We can stabilize individuals out in the community and know That there's going to be follow up done with them. Maybe it's in a few hours, maybe it's overnight, maybe it's several times throughout the evening in order to stabilize them and then get them connected to the right kind of services.
Shelly: I want to just bring up an example of us responding together. We had a , individual climb up a tower in North Tulsa and we responded and what this team gives, and it wasn't just our CRT team.
We also had our alternative response team was out there as well and our integrated response team. So, we had a variety of clinicians, trained mental health officers on scene and the fire department who. They're also CIT [00:11:00] trained crisis intervention. And so, we were able to put the team and the fire truck up in the bucket to talk to the individual.
Dee: And that included the COPES individual, correct?
Shelly: The COPES clinician was originally there. And then, um, eventually came down and it was police and fire up there. But it was actually the, uh, keep giving shout out to the fire department was the fire fighter.
Justin: That's why we like you Shelly
Shelly: who built the rapport with the individual.
Um, which shows that's that's how we move forward. We might be police forward at first and back up. A lot of times people want to talk to fire because they have the medical background. Um, and so we were able to just kind of play off of each other. There's three people in the car and the bucket. There were three people as well.
And so someone there can build that report and they're all trained to do that.
Dee: And that that incident ended well.
Shelly: Yes, it ended within a few hours and a few [00:12:00] years ago we had someone in a tower and it was days they were up there and we had our crisis negotiation team out there. So we had a different response.
Dee: so I want to talk a minute about communication and collaboration because everything you're talking about are very different entities and Very different expertise, very different ways of probably approaching a problem.
How have you worked through that and what is that, I mean, what have you learned in this process that might help others?
Justin: I think, well, I'm going to answer the second part of that, first, what have we learned that helps others and do you have a lot of conversations with a lot of different programs around the nation who are doing co response?

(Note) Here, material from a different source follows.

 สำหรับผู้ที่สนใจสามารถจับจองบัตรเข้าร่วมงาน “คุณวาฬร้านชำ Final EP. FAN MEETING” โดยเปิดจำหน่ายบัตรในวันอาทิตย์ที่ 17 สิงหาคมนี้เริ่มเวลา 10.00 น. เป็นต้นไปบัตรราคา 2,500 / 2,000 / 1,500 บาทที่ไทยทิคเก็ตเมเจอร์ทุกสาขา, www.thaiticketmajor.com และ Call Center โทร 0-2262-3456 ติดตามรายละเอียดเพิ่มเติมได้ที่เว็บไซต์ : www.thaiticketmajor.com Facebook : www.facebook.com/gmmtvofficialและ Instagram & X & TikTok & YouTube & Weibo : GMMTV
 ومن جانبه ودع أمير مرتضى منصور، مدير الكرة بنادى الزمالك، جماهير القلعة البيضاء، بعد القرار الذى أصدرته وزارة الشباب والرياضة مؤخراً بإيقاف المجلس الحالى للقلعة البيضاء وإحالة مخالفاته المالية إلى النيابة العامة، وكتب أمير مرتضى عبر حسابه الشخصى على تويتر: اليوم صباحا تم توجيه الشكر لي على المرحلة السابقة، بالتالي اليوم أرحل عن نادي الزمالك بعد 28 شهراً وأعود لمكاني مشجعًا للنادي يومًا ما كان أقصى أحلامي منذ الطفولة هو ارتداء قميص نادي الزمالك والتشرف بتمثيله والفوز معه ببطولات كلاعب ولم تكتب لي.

Something, That I hear a lot and something that I do believe we're doing very well is we do have very intentional communication. And it's multi layered. It's not just one thing. And so, there's daily communication. So these teams communicate daily with the case management or the back end work to make sure we're following up with that individual.

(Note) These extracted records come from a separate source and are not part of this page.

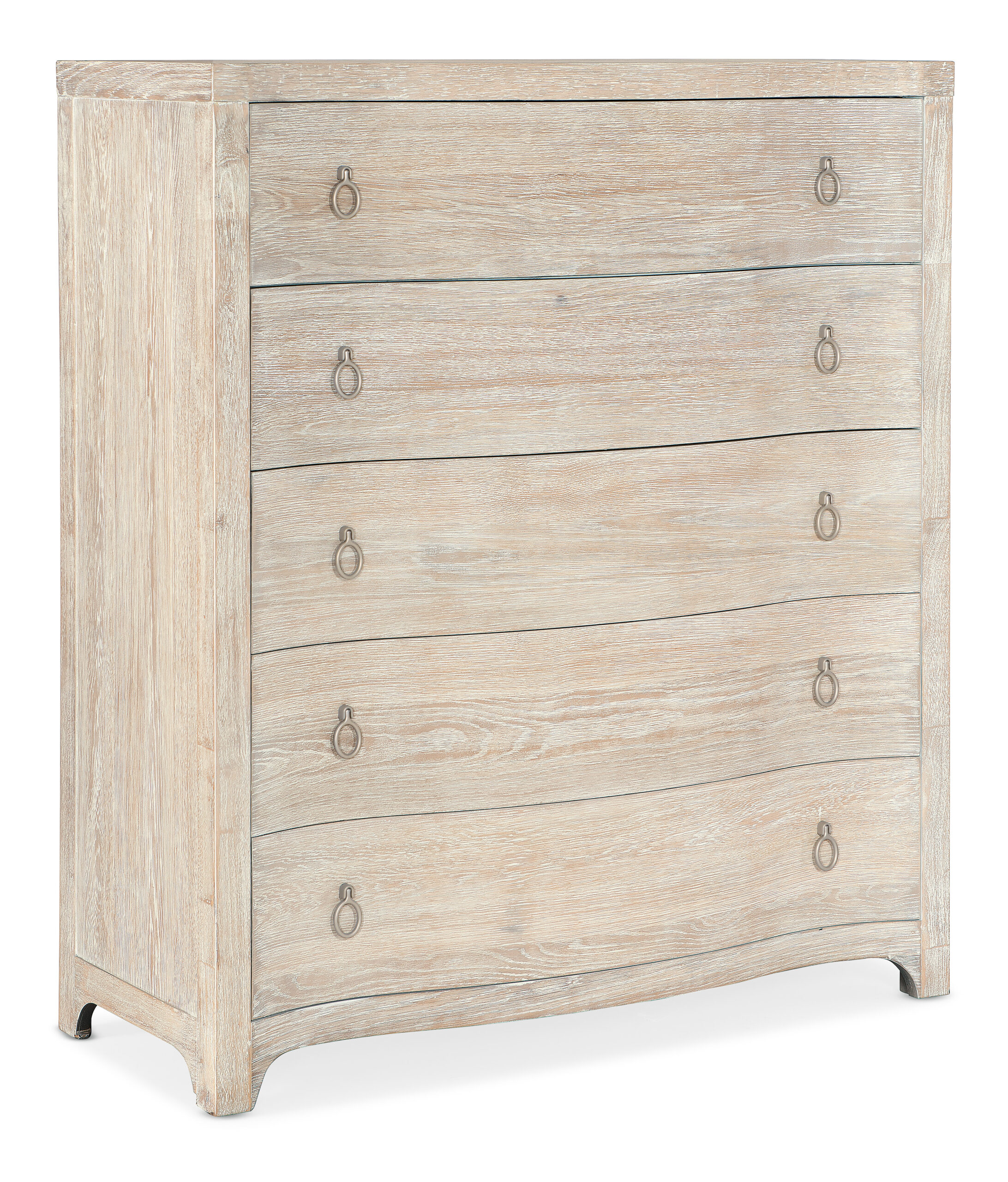 If you aspire to calming palettes and textures, the Serenity Monterey Chest will bring the peacefulness of the outdoors inside with its light and airy whitewashed Surf finish over Oak Veneers. Featuring 5 roomy drawers, the top drawer has a removable black felt liner and the bottom drawer is cedar-lined. Light champagne ring pulls add a touch of sparkle and polish.
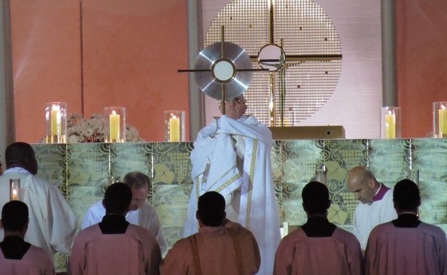 Po svršetku Papinog govora, mladi su rastavili maketu crkve, radosno odnoseći dijelove u različitim smjerovima simbolizirajući tako „izlazak iz sebe" u duhu Isusovih učenika-misonara. Potom je uslijedila procesija s Presvetim i euharistijsko klanjanje, praćeno molitvama, pjesmom i dugim trenucima šutnje uz suze mnogih sudionika. Papa je potom podijelio blagoslov te se uz pjesmu Zdravo, Kraljice zaustavio pred kipom Gospe od Aparecide. (IKA; foto: N.P. / InterMirifica.net)
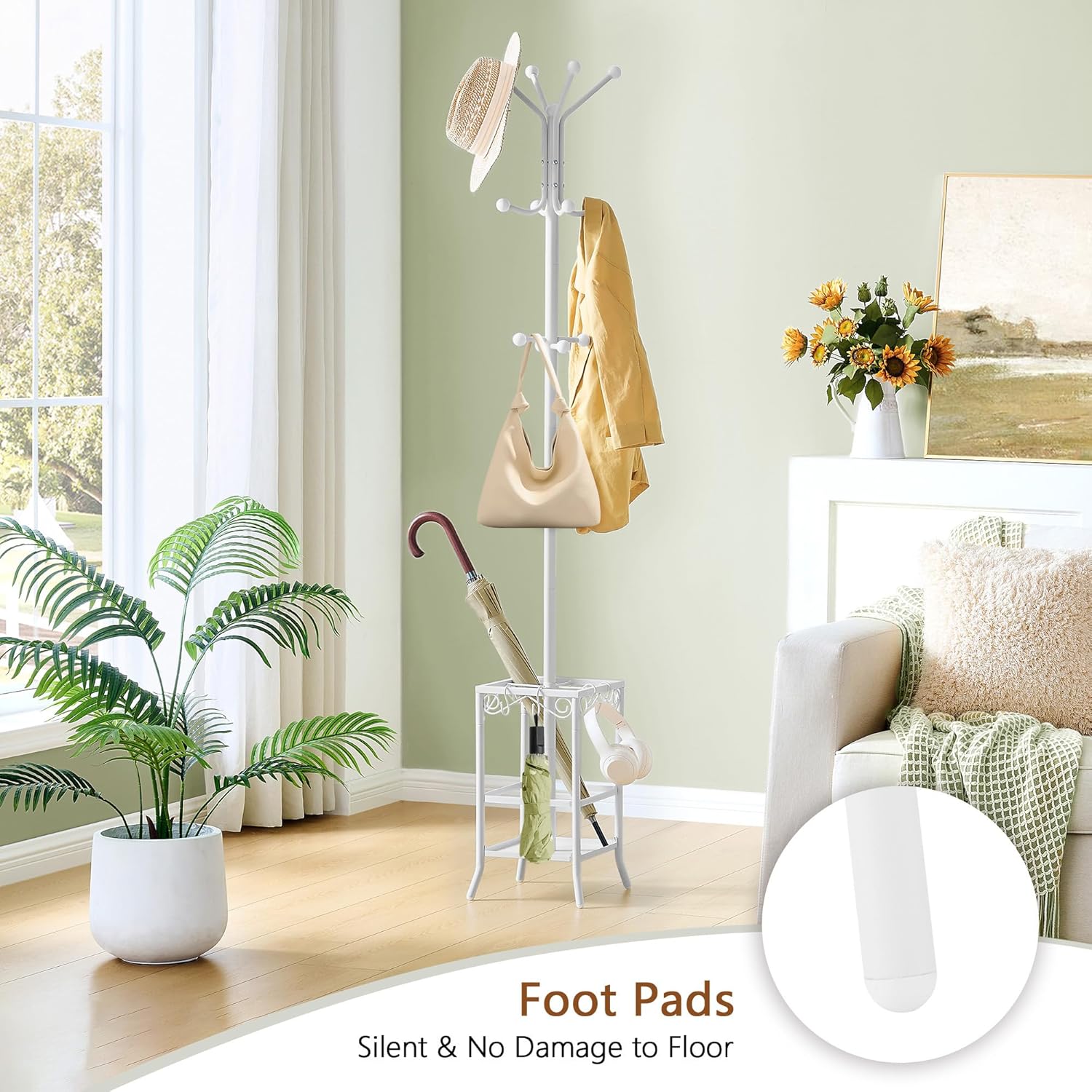 - Functional Umbrella Holder: Featuring an umbrella stand, this coat tree can hold both long-handle and folding umbrellas. The bottom tray is designed to protect your floors from rain water damage, providing a reliable storage solution for wet umbrellas

Also have [00:13:00] weekly communication with all the staff together in the same room. I think that's incredibly valuable because now we can just have those real conversations. Um, I, I think we've seen sometimes there's conversations had, but they're so high level that nothing can actually occur or they're so spaced out that nothing can occur.

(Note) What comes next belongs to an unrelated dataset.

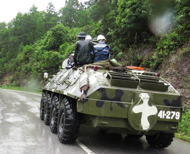 Xe bọc thép lội nước túc trực để di dời dân.
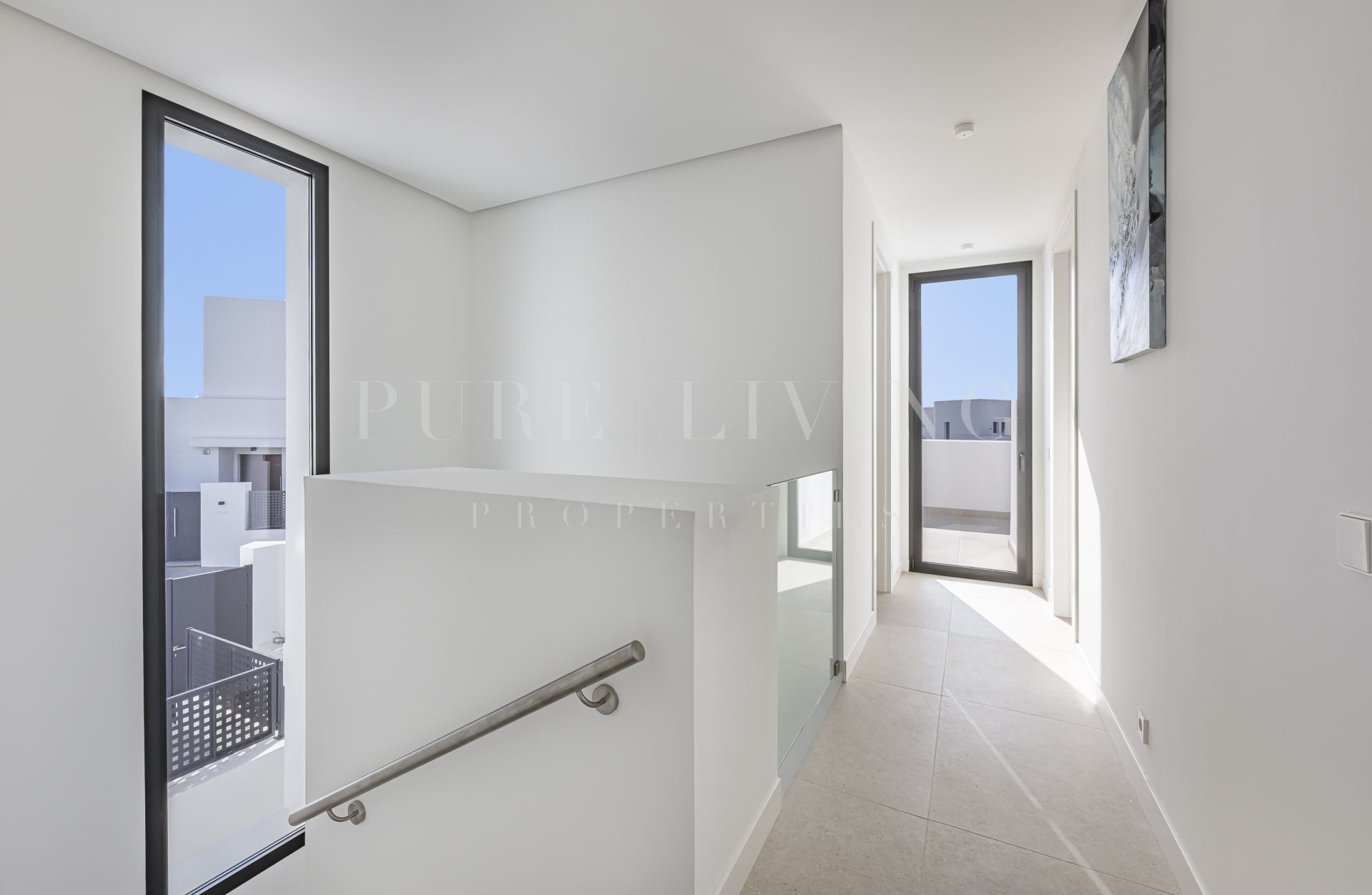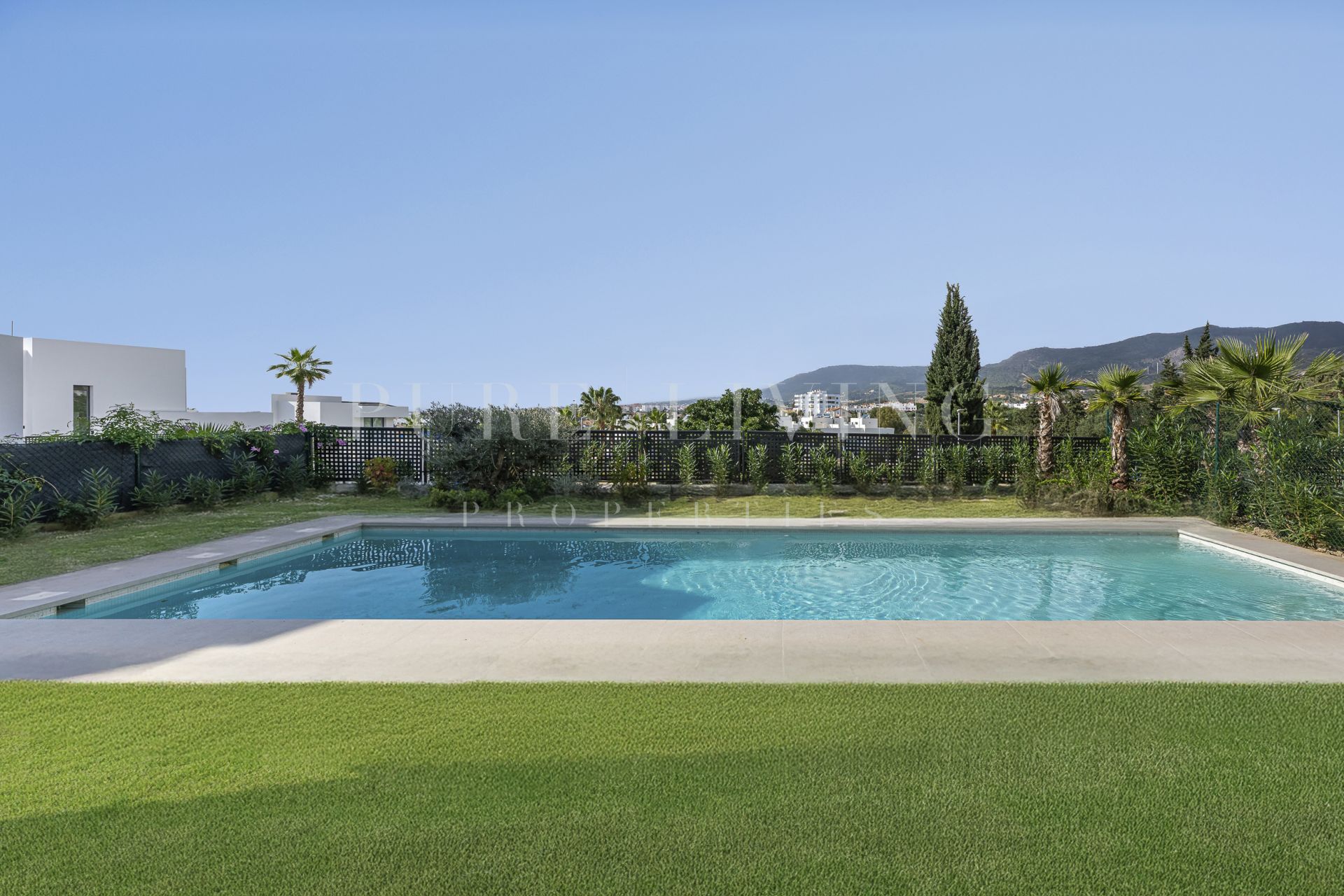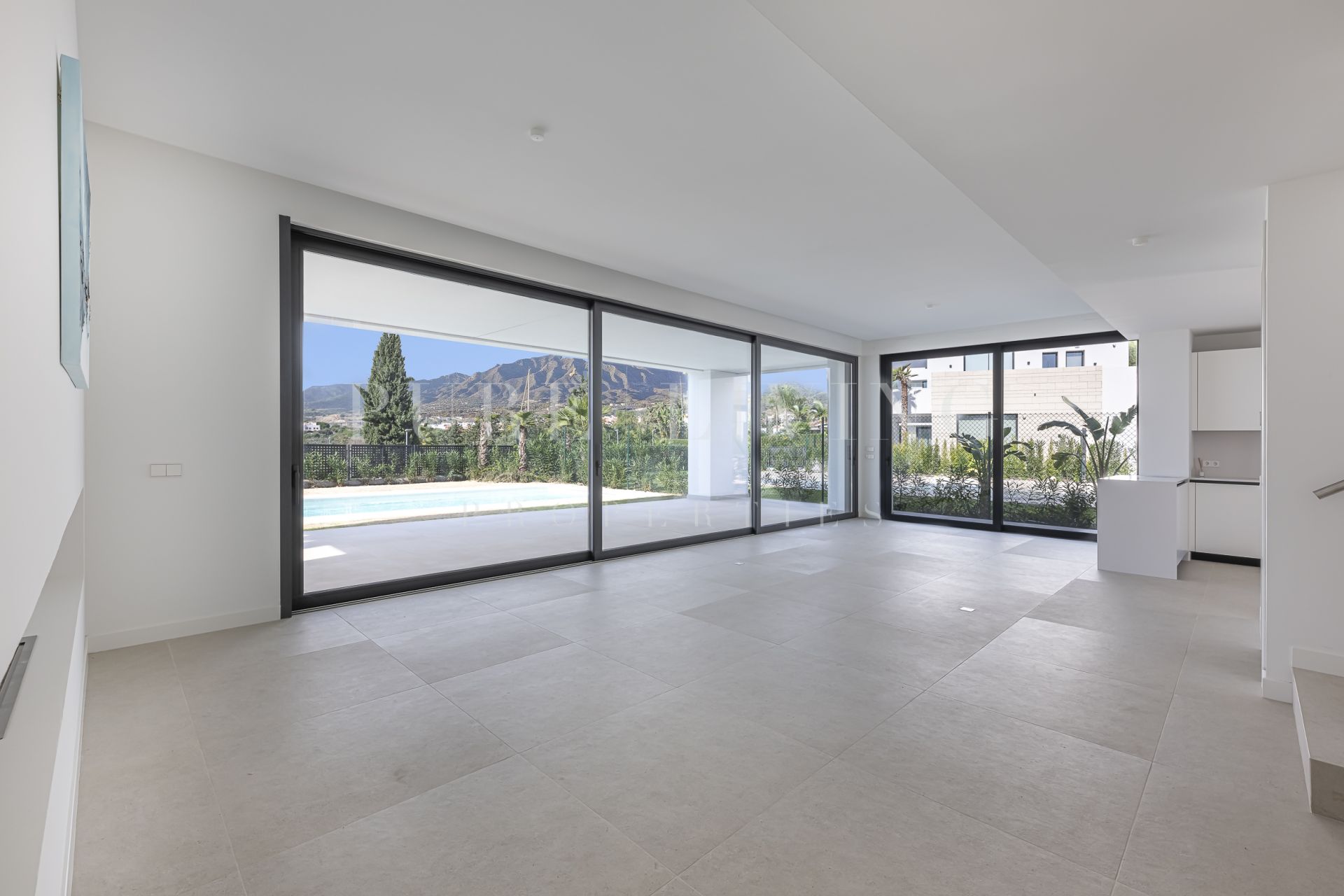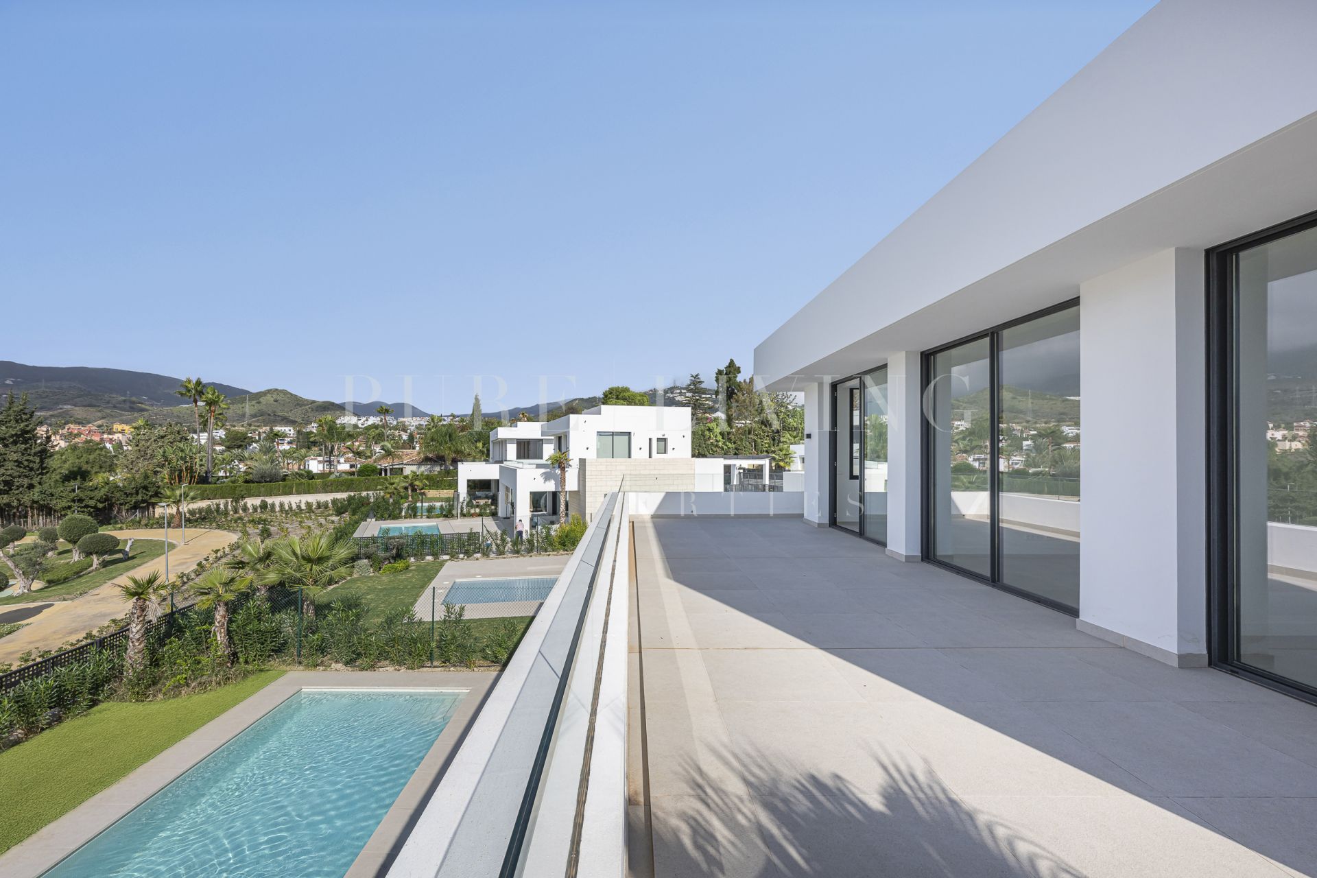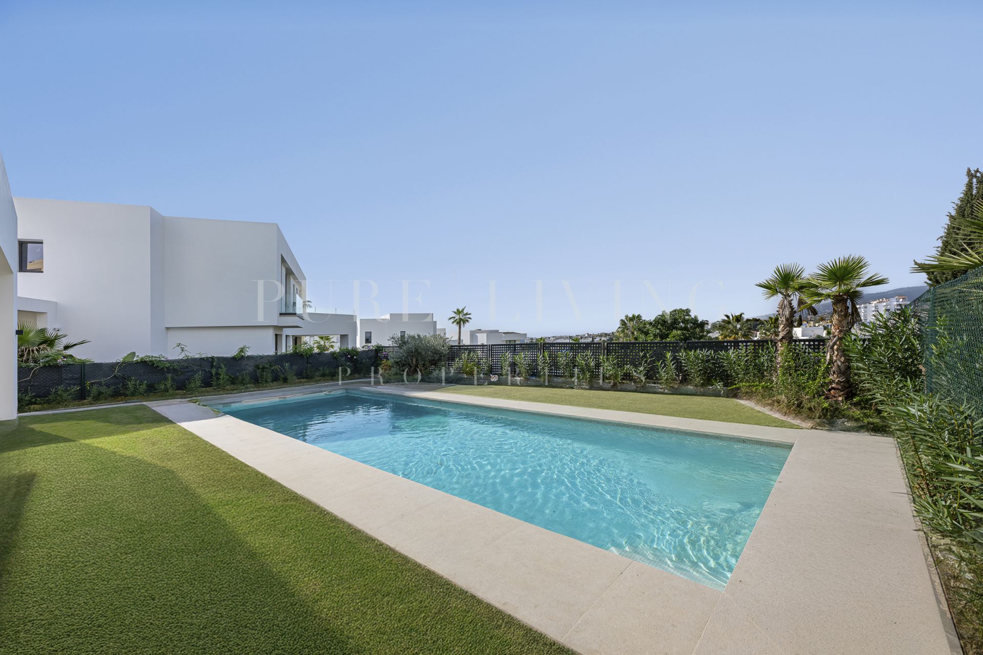 De villa is een voorbeeld van moderne architectuur met ruime open indelingen, grote ramen van vloer tot plafond en strakke, minimalistische lijnen die het natuurlijke licht maximaliseren. De villa wordt gekenmerkt door hoogwaardige afwerking en eersteklas materialen, waardoor een luxueuze leefomgeving wordt gecreëerd. Het ontwerp integreert naadloos binnen- en buitenruimtes, met privétuin en zwembad, zodat bewoners het hele jaar door kunnen genieten van het warme klimaat van Marbella.

Well, I think here in Tulsa, these teams, uh, we directly address that. And through that daily communication, that weekly staffing meeting. Uh, and then we also have strategic vision where we get together and we just have our conversations with everybody in the same, the leadership. Uh, about what's going on, how we can improve some of these processes, because this is, this is not simple, and this is fairly relatively new, uh, co response.
It's not something that there's 50, 70 years of research on these programs, and a lot of this stuff is being developed, and so that intentional communication about how we can improve, Captain Seibert, I mean, you talked a lot about the uniform training for co response, and some of those areas that we can, we can, um, develop, and so I, I really just think, continuing those conversations and making them intentional is really where [00:14:00] we've had a lot of good success in Tulsa.
Shelly: I think a part of our success was building out an operations manual, a lot of other co response models don't have that. We recently went to a conference where we presented and we were asked for our for operations manual.
It really defines the role of each agency and we all agreed and came to consensus of what that would look like. So for police, when we say we have a legal issue or we can't take someone into custody or we have a safety issue, you know, we're kind of the authority on that and they defer to us. When it comes to clinical assessment, we defer to Family and Children's Services. And then for medical, if a fire says this person needs to go to the emergency room or they're in a medical emergency or need something, we defer to that.
Dee: So leaning into each expertise, which is really a lovely partnership.
Shelly: But having that agreement and understanding the roles before you're on a call and having a clear understanding of that, I think is what's, important. The police department uses something called an [00:15:00] operational triangle, so the first foundation of that is safety. And it's not just physical safety, it's legal safety, are we doing what's legal and right, psychological safety and physical safety for the team. So we do that first before we start rapport building and then we can move into that and then we can move into problem solving.
So we layer that approach and with these three disciplines in the car, it's really easy to do that.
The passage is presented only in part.